▸ Data extract:

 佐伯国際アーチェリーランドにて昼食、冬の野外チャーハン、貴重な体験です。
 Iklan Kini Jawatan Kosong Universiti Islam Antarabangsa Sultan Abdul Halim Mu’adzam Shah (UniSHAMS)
==
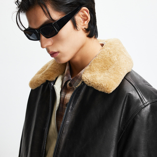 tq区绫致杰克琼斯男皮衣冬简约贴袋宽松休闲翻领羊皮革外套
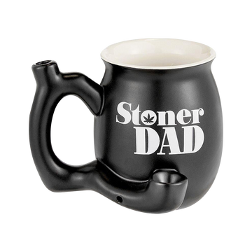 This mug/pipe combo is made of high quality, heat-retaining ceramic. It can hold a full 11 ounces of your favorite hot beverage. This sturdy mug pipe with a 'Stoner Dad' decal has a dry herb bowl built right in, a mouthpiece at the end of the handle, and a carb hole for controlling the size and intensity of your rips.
...
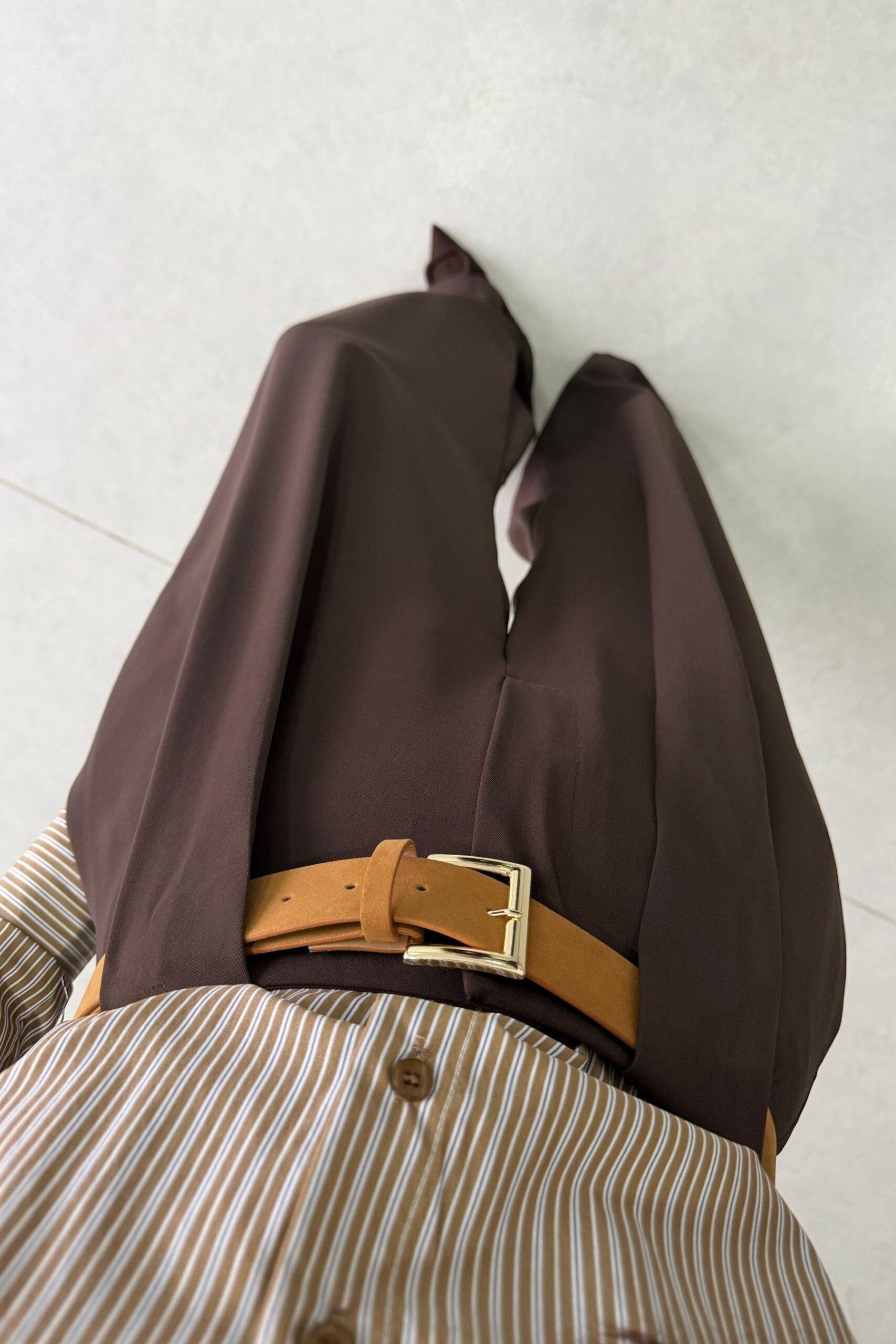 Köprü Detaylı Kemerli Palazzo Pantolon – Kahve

▸ What you have to do:
In the listing above, locate the line with "佐伯国際アーチェリーランドにて昼食、冬の野外チャーハン、貴重な体験です。" and the line with "Iklan Kini Jawatan", then extract exactly those lines and every line between them, and nothing more.

▸ Completed task:
 佐伯国際アーチェリーランドにて昼食、冬の野外チャーハン、貴重な体験です。
 Iklan Kini Jawatan Kosong Universiti Islam Antarabangsa Sultan Abdul Halim Mu’adzam Shah (UniSHAMS)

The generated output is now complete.